New York City, June 9, 2013

★★★★ The odds on the long-term bet had turned bleak, at nearly the last minute, but now here was the payoff after all: The sky over the apartment building’s deck was clear, all clear, devoid of anything that might even slightly resemble a threat. Decorations could be taped down to dry paving blocks, paper streamers wrapped around dry railings. The wind sent bunches of newly inflated balloons, weighted with mere rolls of masking tape, retreating down the hallway; the balloons would need to taken outside and tied down one by one. Some of the children — with their short time horizons, their indifference to the perils of how things could have been — saw fit to complain aloud that they were awfully hot under all that sun. But there was the shade and air conditioning of the playroom for them to retreat into. In the playroom, it was rumored, entropy and animal spirits were rampant. Out on the deck, though, the sunshine was baking the children into spells of near tractability. Ice melted and soaked through the bottoms of the paper cups of popcorn. A gust yanked a balloon loose, yet kept it low and horizontal long enough to be run down and recaptured.
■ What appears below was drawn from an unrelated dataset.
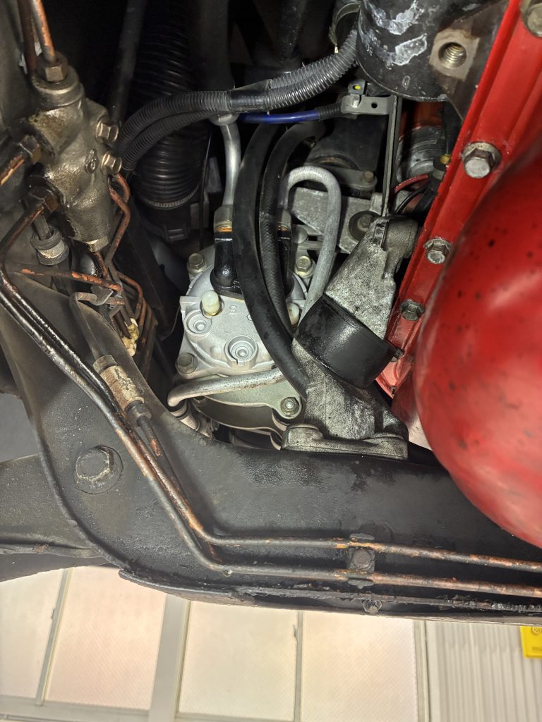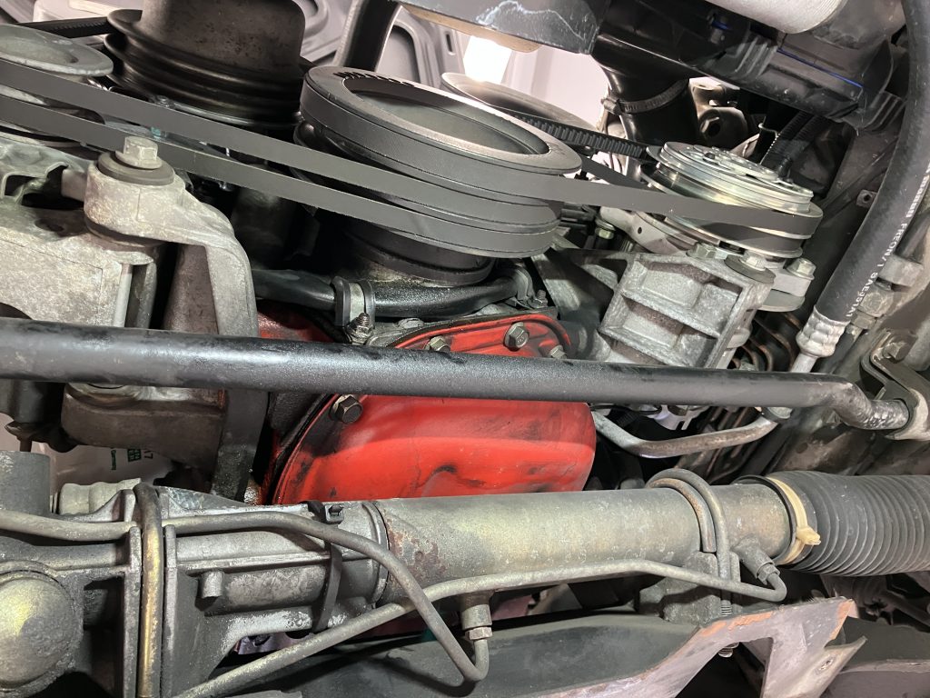 あわせてパワーステアリングホースを脱着し、関連ガスケットも交換しています。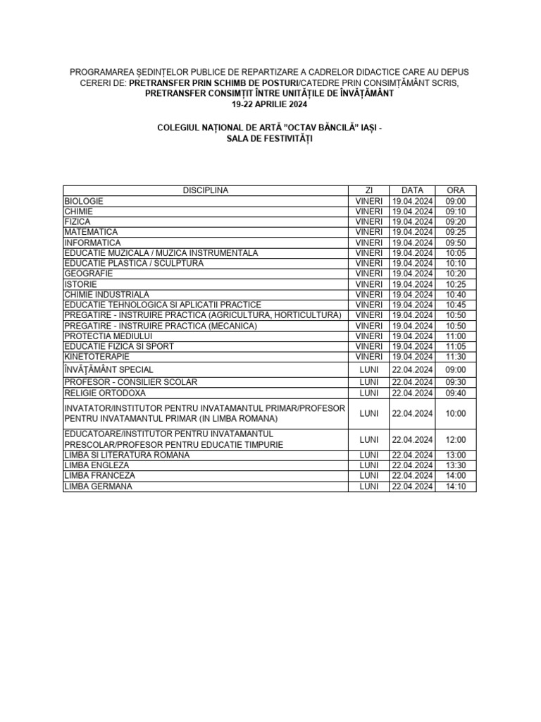 PROGRAMAREA ȘEDINȚELOR PUBLICE DE REPARTIZARE A CADRELOR DIDACTICE CARE AU DEPUS

The birthday boy was flushed and a little glazed over. The first match blew out. The second match blew out. The third. The fourth. More. Barely scorched matchsticks were piling up. The wick on the numeral 6 candle caught briefly and went out again. Indoors, with a lighter, it caught for real. On the way back out the doorway, out it went. Again the lighter, sheltered by hands and cardboard — the cupcake and flame thrust quickly at the birthday boy — makeawishmakeawish — and the breath of childhood finally prevailed. Two hours of battering by the wind had visibly shrunk the balloons, and their ribbons were so twisted and braided that they seemed to have been fused into a single solid rope. With a little work, and a pull from the top, it was still possible to extricate a parting gift for each child, a short-lived but still buoyant keepsake.